=== Section Start ===
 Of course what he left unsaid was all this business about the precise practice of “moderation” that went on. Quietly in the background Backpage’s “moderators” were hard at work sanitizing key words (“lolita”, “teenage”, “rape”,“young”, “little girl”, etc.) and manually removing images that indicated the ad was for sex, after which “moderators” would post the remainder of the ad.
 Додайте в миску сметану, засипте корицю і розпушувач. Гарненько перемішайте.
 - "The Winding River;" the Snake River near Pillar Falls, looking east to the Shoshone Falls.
=== Section End ===
=== Section Start ===
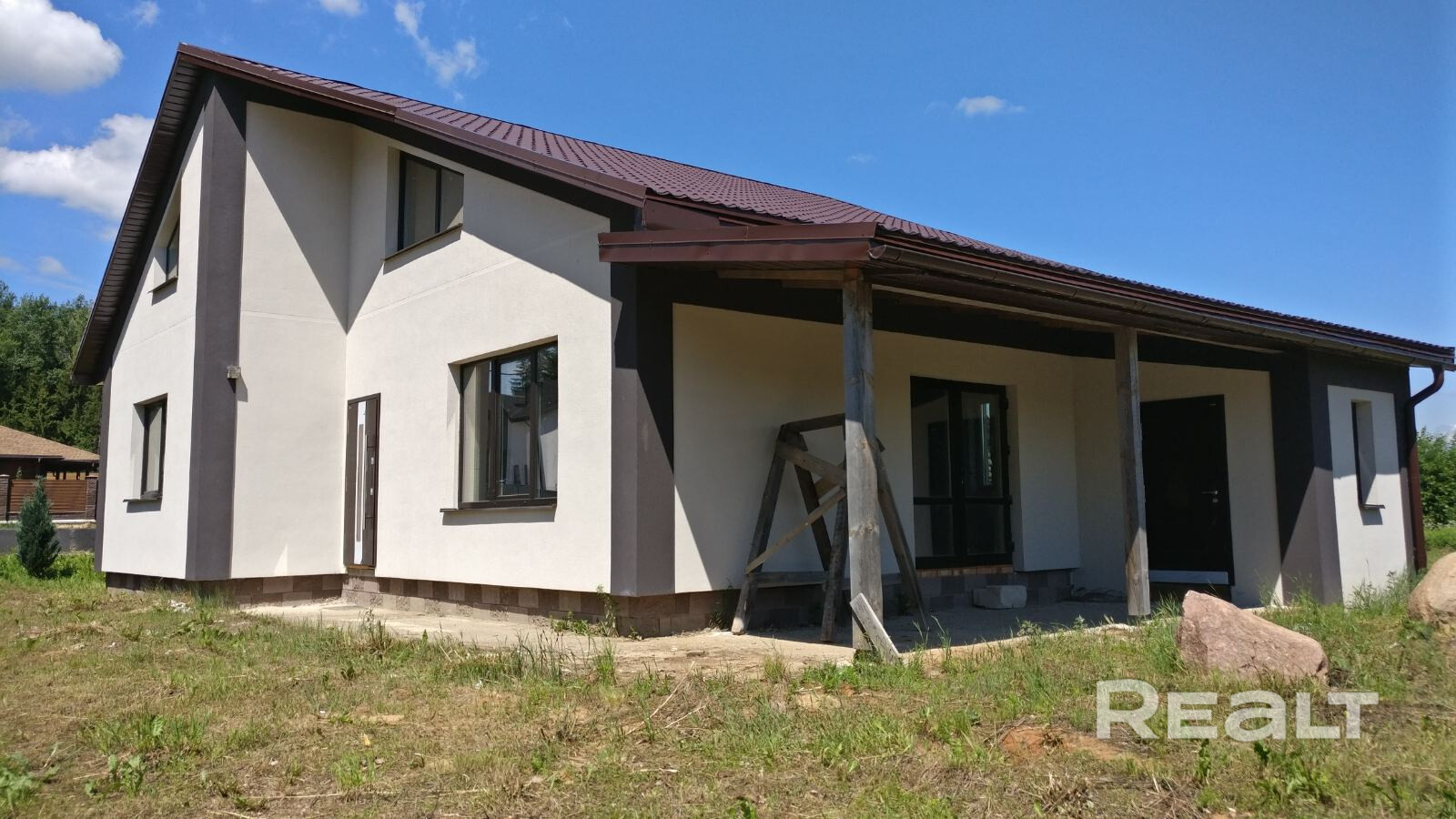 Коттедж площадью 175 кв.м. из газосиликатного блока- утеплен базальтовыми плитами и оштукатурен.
=== Section End ===
=== Section Start ===
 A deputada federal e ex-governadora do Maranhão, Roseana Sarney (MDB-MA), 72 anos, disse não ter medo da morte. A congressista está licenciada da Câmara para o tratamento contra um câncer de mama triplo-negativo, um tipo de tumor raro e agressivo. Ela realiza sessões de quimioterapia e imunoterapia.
=== Section End ===
PROMPT
Your answer must consist solely of the lines above between the line holding "Of course what" and the line holding "the Shoshone Falls.", inclusive, copied exactly.

RESULT OF THE EXERCISE
 Of course what he left unsaid was all this business about the precise practice of “moderation” that went on. Quietly in the background Backpage’s “moderators” were hard at work sanitizing key words (“lolita”, “teenage”, “rape”,“young”, “little girl”, etc.) and manually removing images that indicated the ad was for sex, after which “moderators” would post the remainder of the ad.
 Додайте в миску сметану, засипте корицю і розпушувач. Гарненько перемішайте.
 - "The Winding River;" the Snake River near Pillar Falls, looking east to the Shoshone Falls.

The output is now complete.